• [WHAT THE TASK ASKS] With the images removed, repeat the data below exactly.

• [DATA SEGMENT]
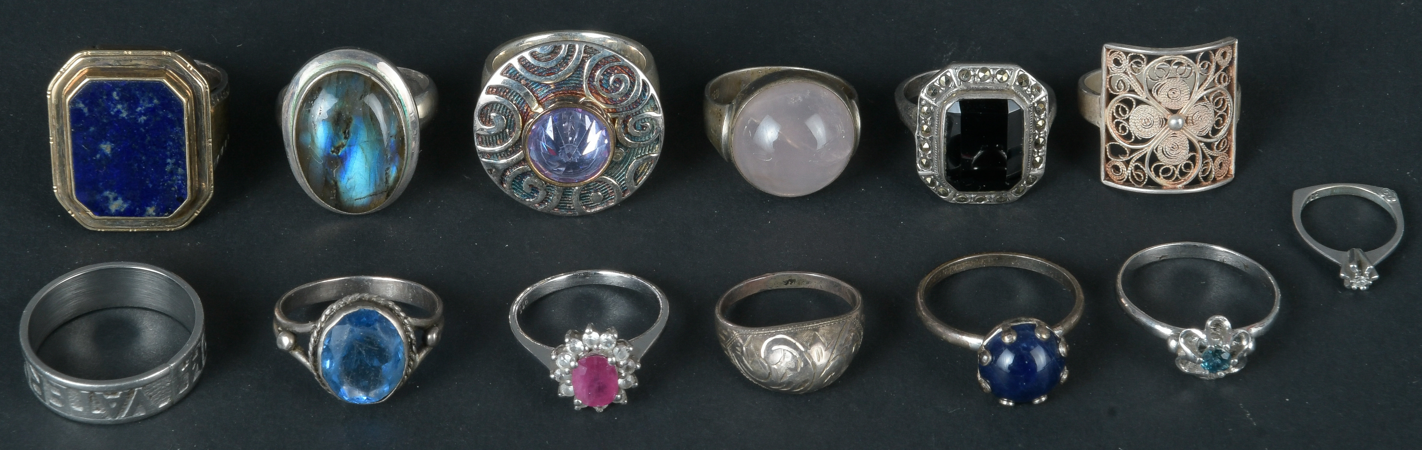 - Katalog-Nr: 611Konvolut Silber-Ringe mit Steinbesatz, Gesamtgewicht ca. 70 g, Ringgröße 40 bis 61.o.L.
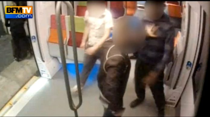 Malgré la gravité des événements, les jeunes totalement remontés contre Sébastien, ne fuient pas, mais au contraire remontent dans la rame pour en finir avec le policier. La vidéosurveillance montre l’un des énergumènes s’emparer de l’arme du fonctionnaire de police pendant que les autres le frappent.
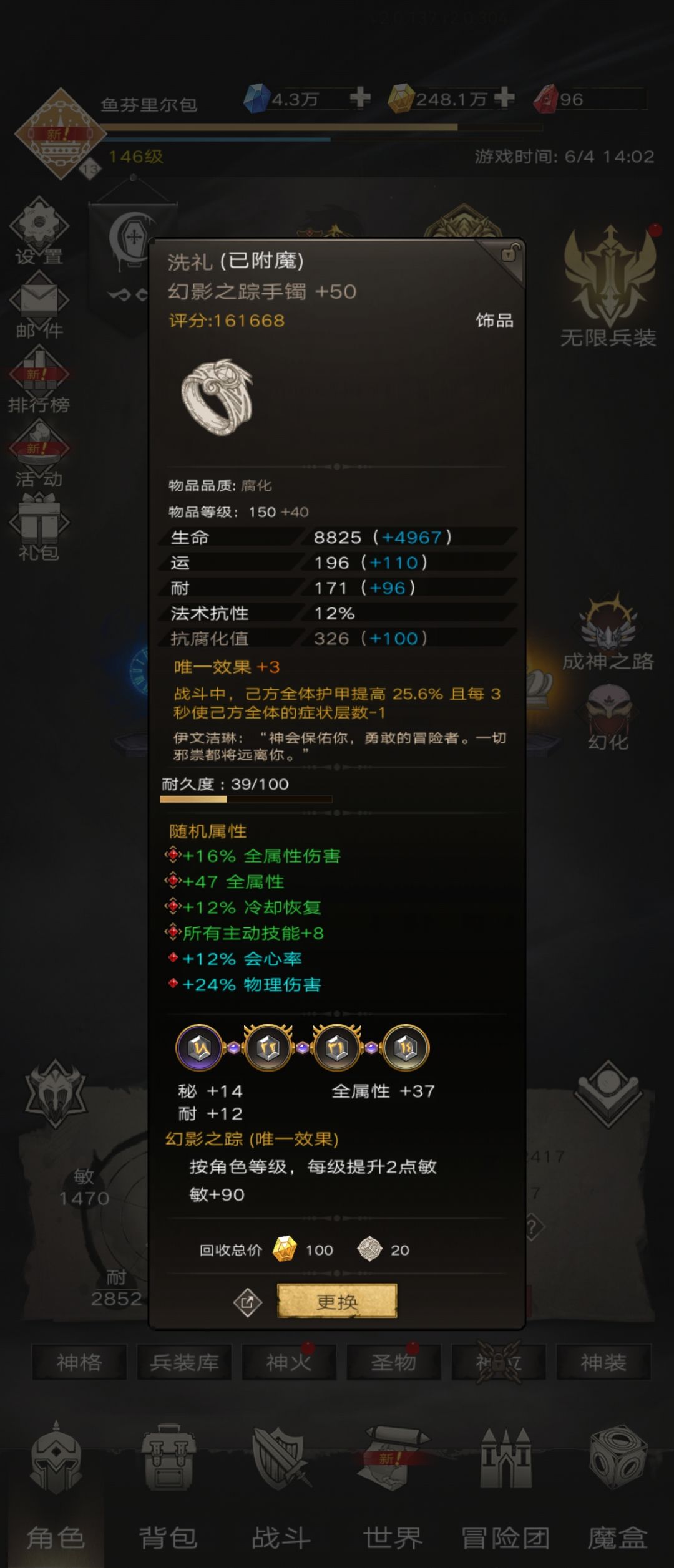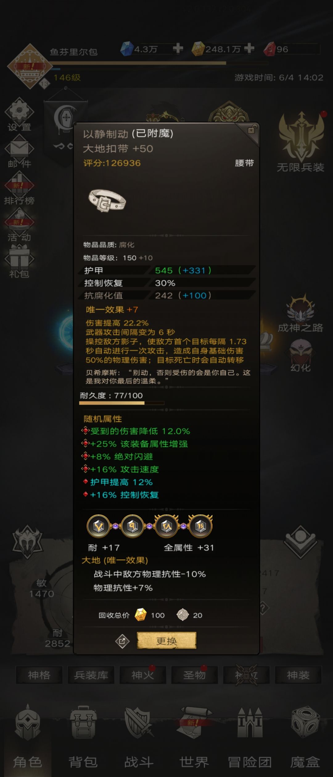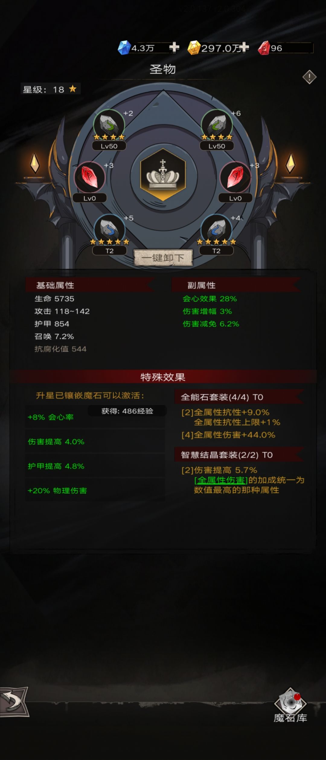圣物前期还是选择了智慧结晶2件套+全能石4件套,裁纸刀有个很尴尬的地方,圣物他能用的特别少,目前来看只有T90的深海守护或许有用。我试过星图点出来炼金术士,然后带憎恶套,结果发现裁纸刀根本扛不住持续伤害,10层中毒毒三下就死了。领主之证可以换成加伤害高的。

• [FINISHED EXERCISE]
 - Katalog-Nr: 611Konvolut Silber-Ringe mit Steinbesatz, Gesamtgewicht ca. 70 g, Ringgröße 40 bis 61.o.L.
 Malgré la gravité des événements, les jeunes totalement remontés contre Sébastien, ne fuient pas, mais au contraire remontent dans la rame pour en finir avec le policier. La vidéosurveillance montre l’un des énergumènes s’emparer de l’arme du fonctionnaire de police pendant que les autres le frappent.
圣物前期还是选择了智慧结晶2件套+全能石4件套,裁纸刀有个很尴尬的地方,圣物他能用的特别少,目前来看只有T90的深海守护或许有用。我试过星图点出来炼金术士,然后带憎恶套,结果发现裁纸刀根本扛不住持续伤害,10层中毒毒三下就死了。领主之证可以换成加伤害高的。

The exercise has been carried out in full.